### EXERCISE INPUTS
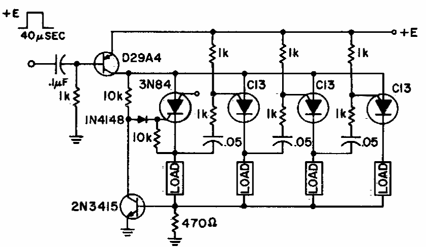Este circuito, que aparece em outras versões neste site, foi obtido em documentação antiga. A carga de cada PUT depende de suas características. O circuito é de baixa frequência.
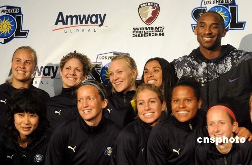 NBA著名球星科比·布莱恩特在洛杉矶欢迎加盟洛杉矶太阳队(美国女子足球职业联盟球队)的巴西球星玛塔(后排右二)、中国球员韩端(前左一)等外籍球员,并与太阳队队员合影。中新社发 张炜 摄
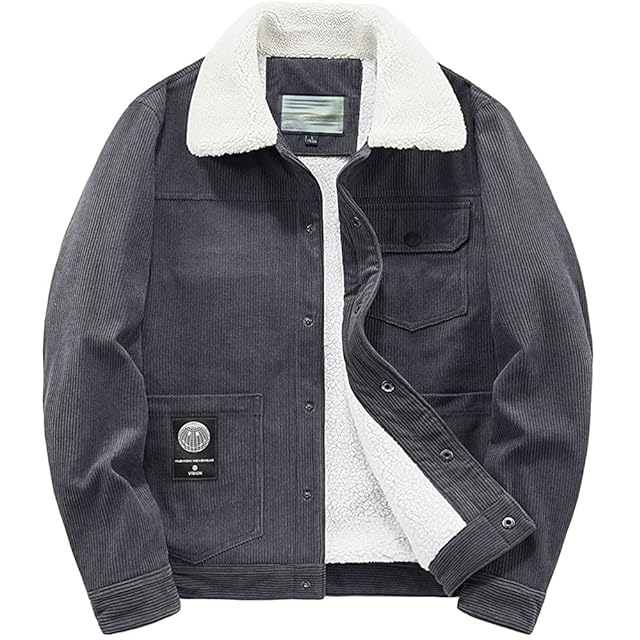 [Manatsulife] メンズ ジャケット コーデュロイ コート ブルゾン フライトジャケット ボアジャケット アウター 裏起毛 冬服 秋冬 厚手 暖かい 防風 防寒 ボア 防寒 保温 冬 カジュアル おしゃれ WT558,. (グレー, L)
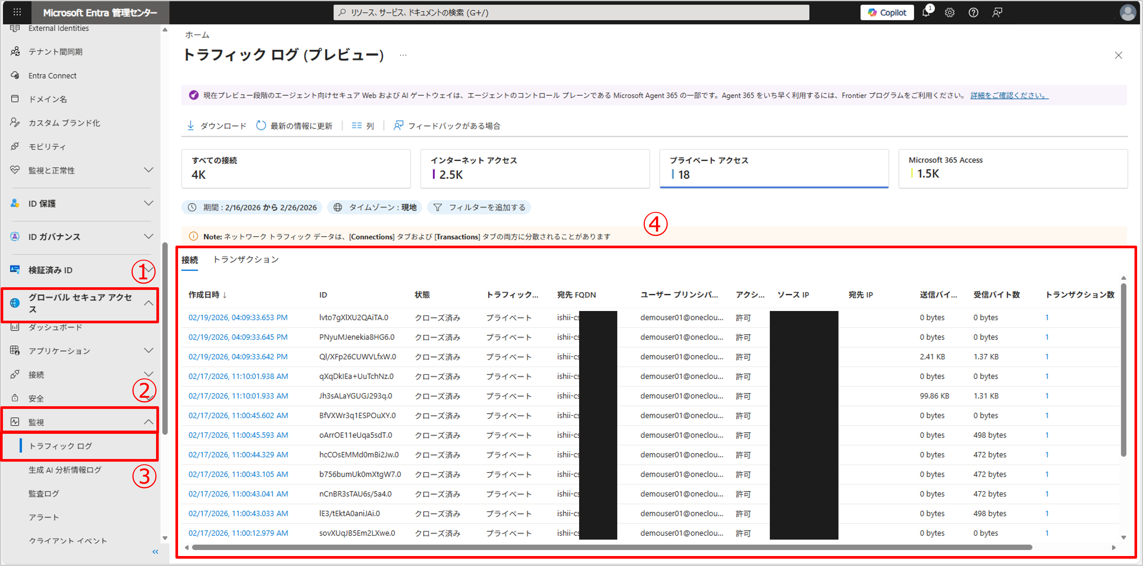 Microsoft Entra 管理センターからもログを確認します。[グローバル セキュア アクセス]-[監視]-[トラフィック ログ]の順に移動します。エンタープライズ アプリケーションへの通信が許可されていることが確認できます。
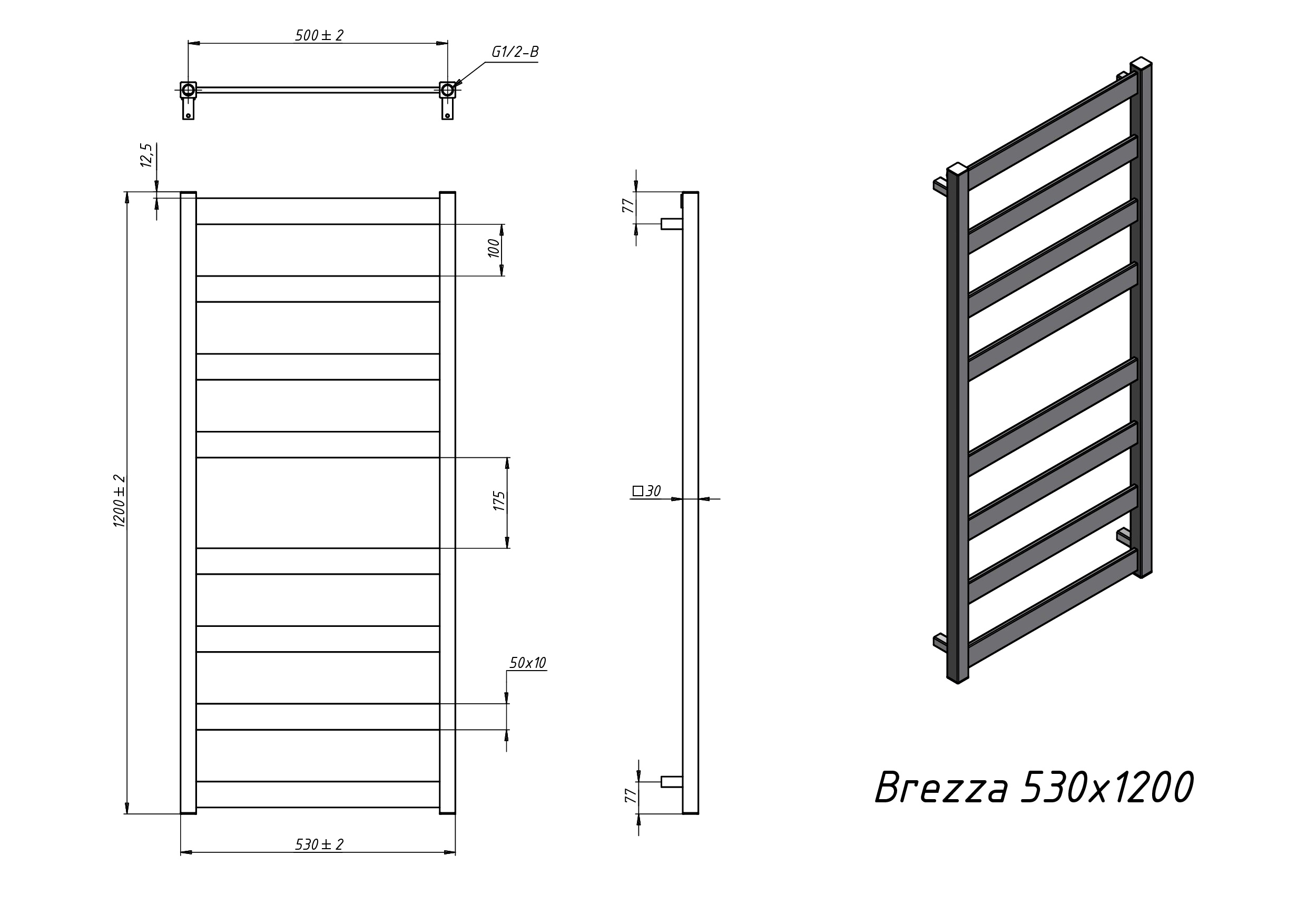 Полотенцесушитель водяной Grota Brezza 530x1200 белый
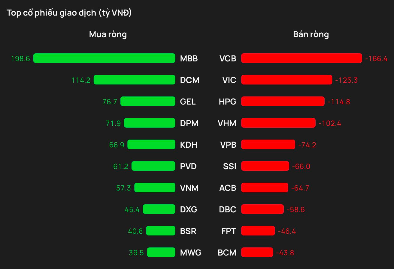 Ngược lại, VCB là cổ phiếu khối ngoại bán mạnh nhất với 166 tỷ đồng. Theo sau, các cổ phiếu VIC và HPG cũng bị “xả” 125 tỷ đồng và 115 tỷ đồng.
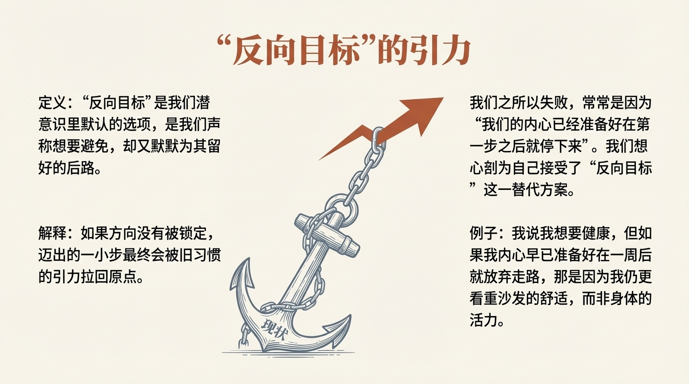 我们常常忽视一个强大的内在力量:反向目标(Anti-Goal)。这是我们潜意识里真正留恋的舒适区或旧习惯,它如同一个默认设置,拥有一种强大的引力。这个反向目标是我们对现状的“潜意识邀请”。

* * *

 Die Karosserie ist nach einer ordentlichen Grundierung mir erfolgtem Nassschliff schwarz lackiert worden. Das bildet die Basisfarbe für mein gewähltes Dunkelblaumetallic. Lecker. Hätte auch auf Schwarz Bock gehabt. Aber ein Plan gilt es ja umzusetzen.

### THE TASK
The lines to copy exactly start with the line above that has "Este circuito, que" and go on through the line that has "[Manatsulife] メンズ ジャケット"; please include both, add nothing else, and omit the pictures.

### FINISHED EXERCISE
Este circuito, que aparece em outras versões neste site, foi obtido em documentação antiga. A carga de cada PUT depende de suas características. O circuito é de baixa frequência.
 NBA著名球星科比·布莱恩特在洛杉矶欢迎加盟洛杉矶太阳队(美国女子足球职业联盟球队)的巴西球星玛塔(后排右二)、中国球员韩端(前左一)等外籍球员,并与太阳队队员合影。中新社发 张炜 摄
 [Manatsulife] メンズ ジャケット コーデュロイ コート ブルゾン フライトジャケット ボアジャケット アウター 裏起毛 冬服 秋冬 厚手 暖かい 防風 防寒 ボア 防寒 保温 冬 カジュアル おしゃれ WT558,. (グレー, L)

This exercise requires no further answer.